*Excerpted records*.
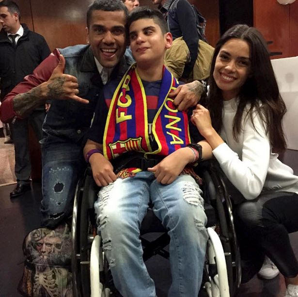 Во время разминки Алвес заметил юного Карлоса - слепого фаната, прикованного к инвалидной коляске, который сидел на скамейке запасных возле девушки бразильца.
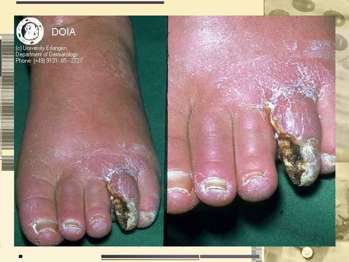 Микология, занимающаяся грибковыми поражениями (от самых поверхностных – кератомикозов, отрубевидного лишая, до глубоких – споротрихоз, хромомикоз), включая дерматомикозы (ногтей и кожи), кандидозы кожи, слизистых;
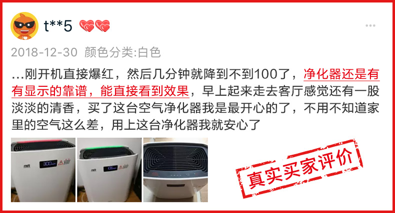 宝贝收到了,虽说比想象中大了不少。但还是比较满意的,因为拿它试了一下,不试不知道,尽管室外空气质量为良,但室内还是有160多呢,宝贝运行几分钟就降为40多了。运行还不错!
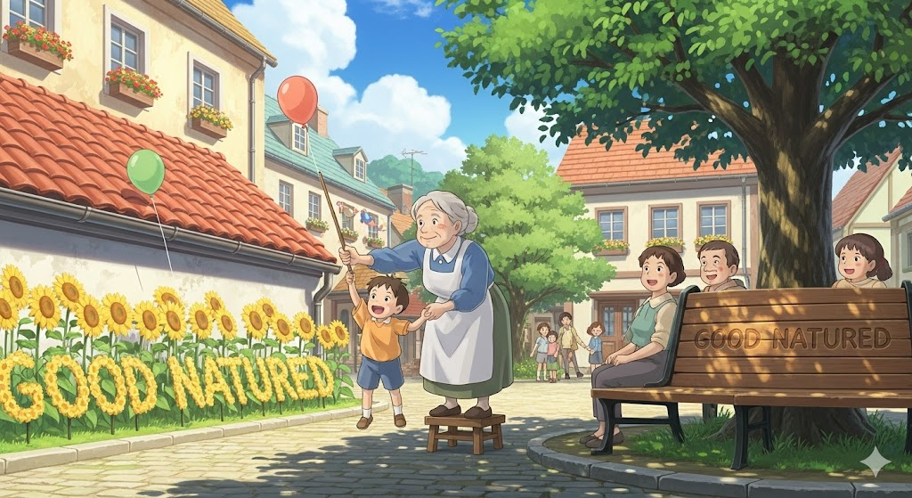 | good natured | 성품이 착한 | 형용사로, '성격'. | '타고난' '성격' '이' '친절' '하고' '온순' '함' '을' '강조함'. |
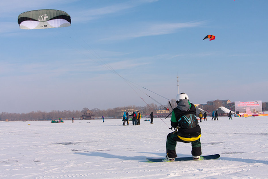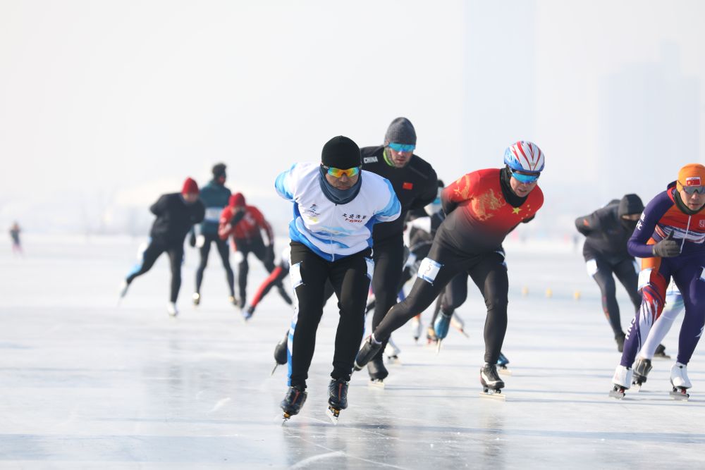 如果嫌冰坑太小 那可以玩把大的 马拉松见过吧 速滑马拉松见过吗 在松花江上的速滑马拉松见过吗 在哈尔滨大剧院旁的江面上 寒风凛冽 发令枪响 数百名身着速滑服装的滑冰爱好者 冲出起点向着远处滑行 不一会就看不到选手的身影了 只见白雪覆盖的江面上 一个个小点在快速移动
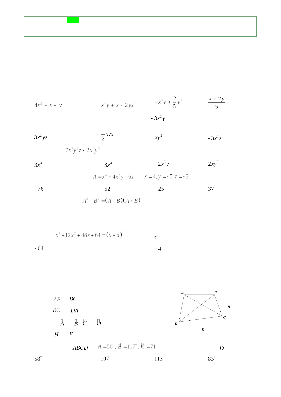Câu 1. Đa thức nào sau đây chưa thu gọn?
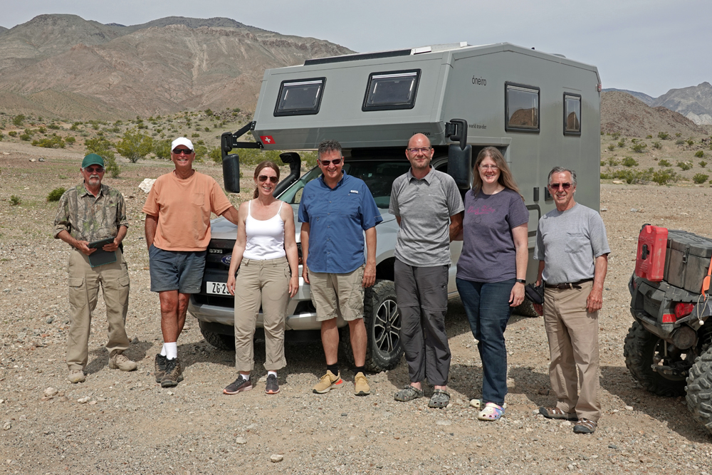 In Ridgecrest treffen wir das Schweizer Reisenden-Paar Jeannine und Jerry, die wir bereits zuhause in der Schweiz kennengelernt und das letzte Mal Anfang August in Nova Scotia getroffen hatten. Wir freuen uns sehr über das Wiedersehen und überreden sie, doch auch mit uns zur Onyx Mine zu kommen. Don, Bill und Bob freuen sich, die beiden kennenzulernen und einmal einen Blick auf einen europäisches Ford Ranger werfen zu können.
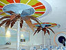 В зоне ресторана реализация приточной вентиляции также тесно увязана с авторским дизайном. Под каждым из устроенных в фальш-потолке подающих отверстий большого диаметра установлена декоративная пальма, металлические листья которой призваны равномерно рассеивать падающий воздушный поток. Такое решение потребовало особенно точной настройки расходов подаваемого воздуха. (рис. 2)
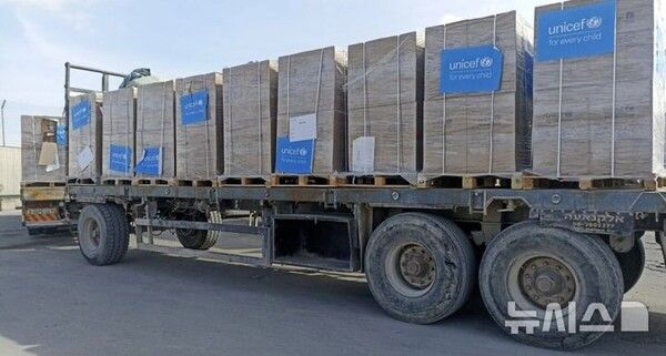 유니세프는 또 컨테이너 25개 분량의 영양 및 필수 의약품을 선적했다고 밝혔다.
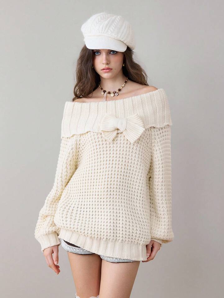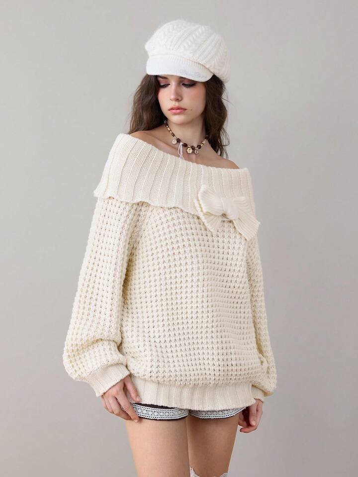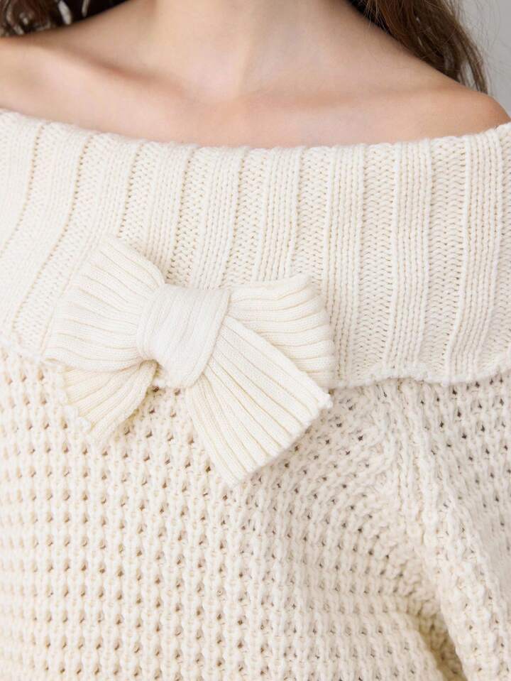 Kawaii Women's Bowknot Decor Off-Shoulder Sweater
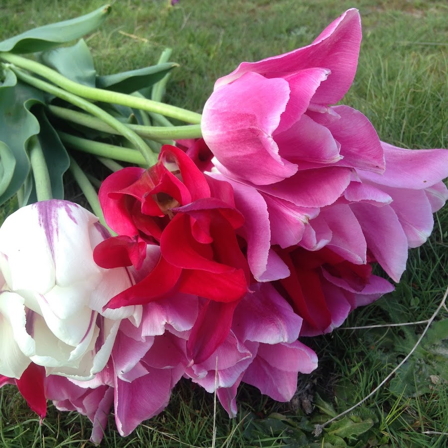 Son los últimos tulipanes de este año. Su temporada acaba. Florece ya la lila, y la fresa tiene las bayas verdes.
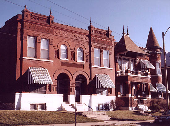 most ornate and articulated to be found in the city. Rather unfortunately, this block faces the back of a big-box grocery store -- a needed commodity in the area, but one that does considerable damage to the streetscape. Photographs from December 2002.
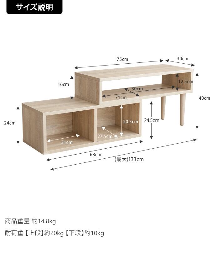 【耐荷重】上段:約20kg、下段:約10kg
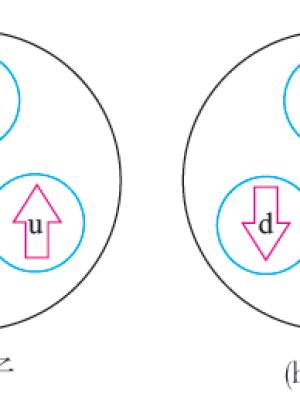 一个质子里包含有两个上夸克和一个下夸克(见图17-3(a)),而一个中子里则是包含着两个下夸克和一个上夸克(见图17-3(b))。所以质子的电荷为+1,而中子的电荷为0。

*Task to carry out*. Transcribe each line of the material above verbatim, but do not include the images.

*Exercise solution*.
 Во время разминки Алвес заметил юного Карлоса - слепого фаната, прикованного к инвалидной коляске, который сидел на скамейке запасных возле девушки бразильца.
 Микология, занимающаяся грибковыми поражениями (от самых поверхностных – кератомикозов, отрубевидного лишая, до глубоких – споротрихоз, хромомикоз), включая дерматомикозы (ногтей и кожи), кандидозы кожи, слизистых;
 宝贝收到了,虽说比想象中大了不少。但还是比较满意的,因为拿它试了一下,不试不知道,尽管室外空气质量为良,但室内还是有160多呢,宝贝运行几分钟就降为40多了。运行还不错!
 | good natured | 성품이 착한 | 형용사로, '성격'. | '타고난' '성격' '이' '친절' '하고' '온순' '함' '을' '강조함'. |
 如果嫌冰坑太小 那可以玩把大的 马拉松见过吧 速滑马拉松见过吗 在松花江上的速滑马拉松见过吗 在哈尔滨大剧院旁的江面上 寒风凛冽 发令枪响 数百名身着速滑服装的滑冰爱好者 冲出起点向着远处滑行 不一会就看不到选手的身影了 只见白雪覆盖的江面上 一个个小点在快速移动
Câu 1. Đa thức nào sau đây chưa thu gọn?
 In Ridgecrest treffen wir das Schweizer Reisenden-Paar Jeannine und Jerry, die wir bereits zuhause in der Schweiz kennengelernt und das letzte Mal Anfang August in Nova Scotia getroffen hatten. Wir freuen uns sehr über das Wiedersehen und überreden sie, doch auch mit uns zur Onyx Mine zu kommen. Don, Bill und Bob freuen sich, die beiden kennenzulernen und einmal einen Blick auf einen europäisches Ford Ranger werfen zu können.
 В зоне ресторана реализация приточной вентиляции также тесно увязана с авторским дизайном. Под каждым из устроенных в фальш-потолке подающих отверстий большого диаметра установлена декоративная пальма, металлические листья которой призваны равномерно рассеивать падающий воздушный поток. Такое решение потребовало особенно точной настройки расходов подаваемого воздуха. (рис. 2)
 유니세프는 또 컨테이너 25개 분량의 영양 및 필수 의약품을 선적했다고 밝혔다.
 Kawaii Women's Bowknot Decor Off-Shoulder Sweater
 Son los últimos tulipanes de este año. Su temporada acaba. Florece ya la lila, y la fresa tiene las bayas verdes.
 most ornate and articulated to be found in the city. Rather unfortunately, this block faces the back of a big-box grocery store -- a needed commodity in the area, but one that does considerable damage to the streetscape. Photographs from December 2002.
 【耐荷重】上段:約20kg、下段:約10kg
 一个质子里包含有两个上夸克和一个下夸克(见图17-3(a)),而一个中子里则是包含着两个下夸克和一个上夸克(见图17-3(b))。所以质子的电荷为+1,而中子的电荷为0。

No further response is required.